Structure
Dependencies
Sapsan is a python-based framework. Dependencies can be associated with logical modules of the project. The core module does not have any particular dependencies as all classes are implemented using native Python. Lib modules relying heavily on PyTorch with a Catalyst wrapper, as well as scikit-learn for regression-based ML models. CLI module depends on the click library for implementing command line interfaces.

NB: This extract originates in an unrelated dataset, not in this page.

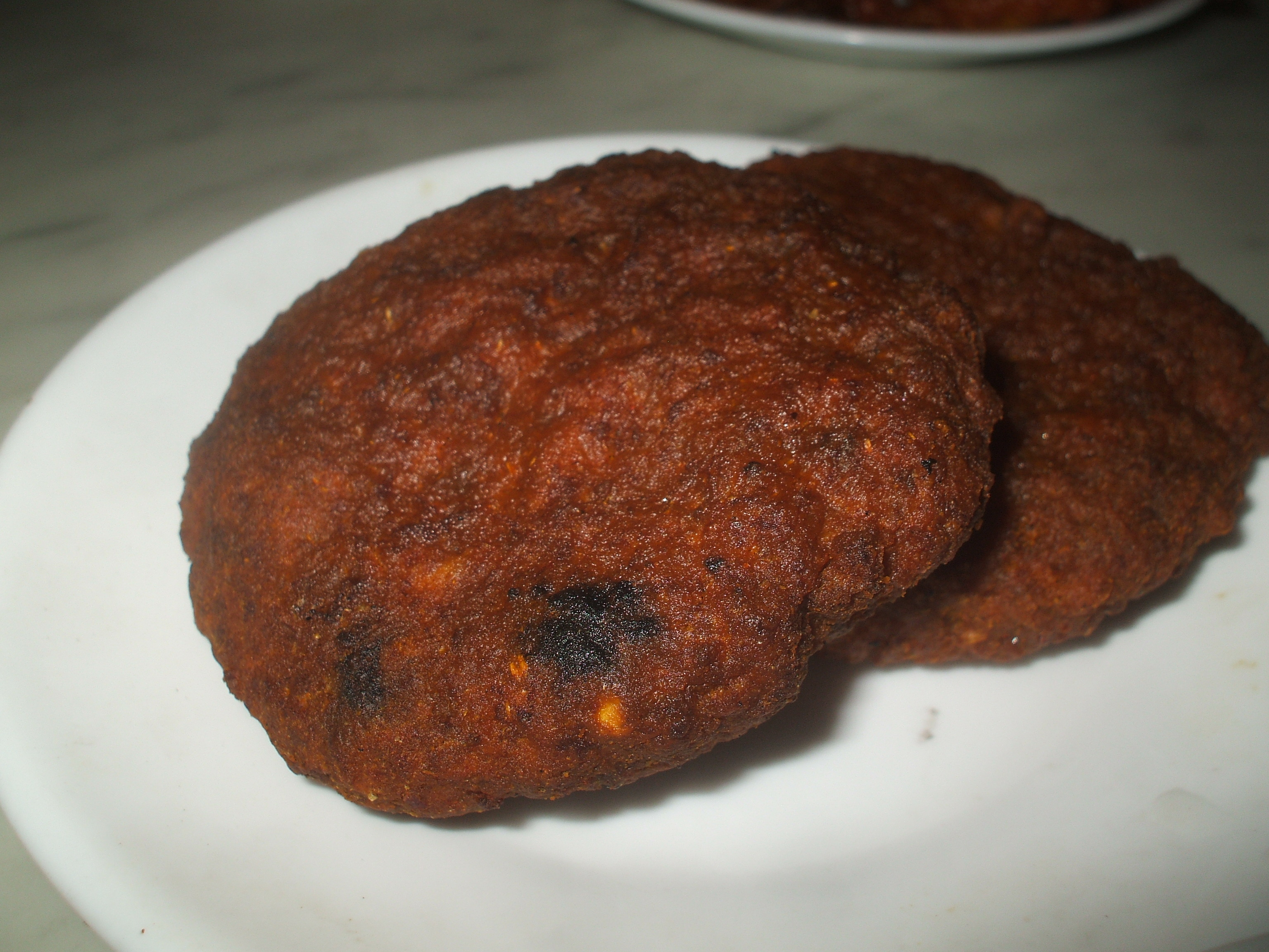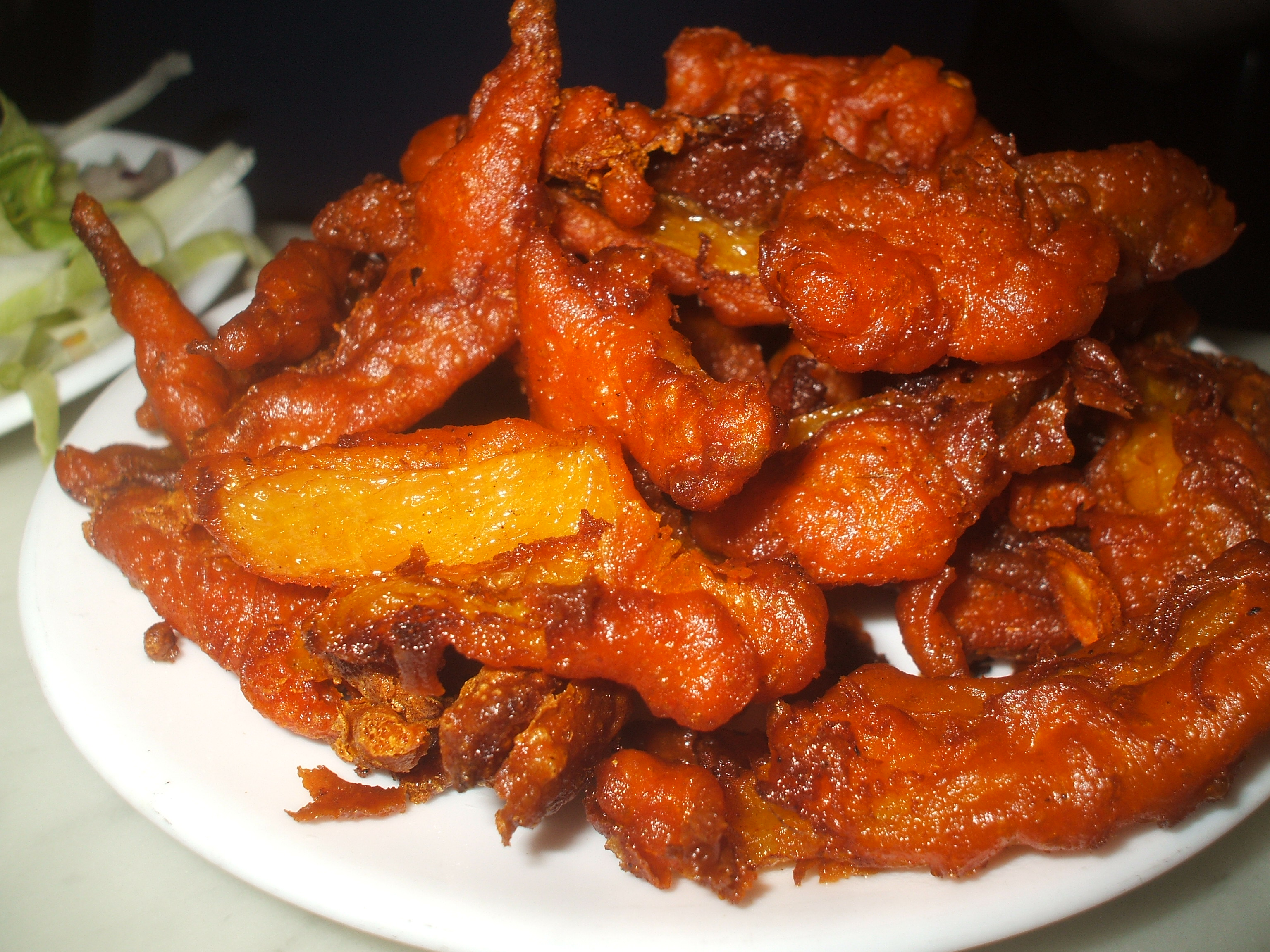 Ricky demanded Poppadoms and also ordered a Seekh Kebab and ‘Fred’ ordered a Bahji like pancake. As no take away menu was available I am somewhat in the dark. The mysterious Onions in Batter arrived, apparently this is the norm.

Sapsan is integrated with MLflow to provide for easy and automatic tracking during the experiment stage, as well as saving the trained model. This gives direct access to run history and performance, which in turn gives the user ability to analyze and further tweak their model.
Structure & flexibility
To provide flexibility and scalability of the project a number of abstraction classes were introduced. Core abstractions include:
Core Abstraction | Description |
---|---|
Experiment | main abstraction which encapsulates execution of algorithms, experiments, tests, etc. |
Algorithm | a base class which all models are extended from |
BaseAlgorithm | base class for all algorithms that do not need to be trained and has only run method |
Estimator | an algorithm that has train and predict methods, like regression model or classifier |
Dataset | high level wrapped over dataset loaders |
Next Sapsan has utility abstractions responsible for all-things tracking:
Utility Abstractions | Description |
---|---|
Metric | a single instance of metric emitted during the experiment run |
Parameter | a parameter used in the experiment |
Artifact | artifacts for an algorithm (model weights, images, etc.) |
TrackingBackend | adapter for tracking systems to save metrics, parameters, and artifact |
The project is built around those abstractions to make it easier to reason about. In order to extend the project with new models/algorithms, the user will inherit from Estimator(or BaseAlgorithm) and implement required methods.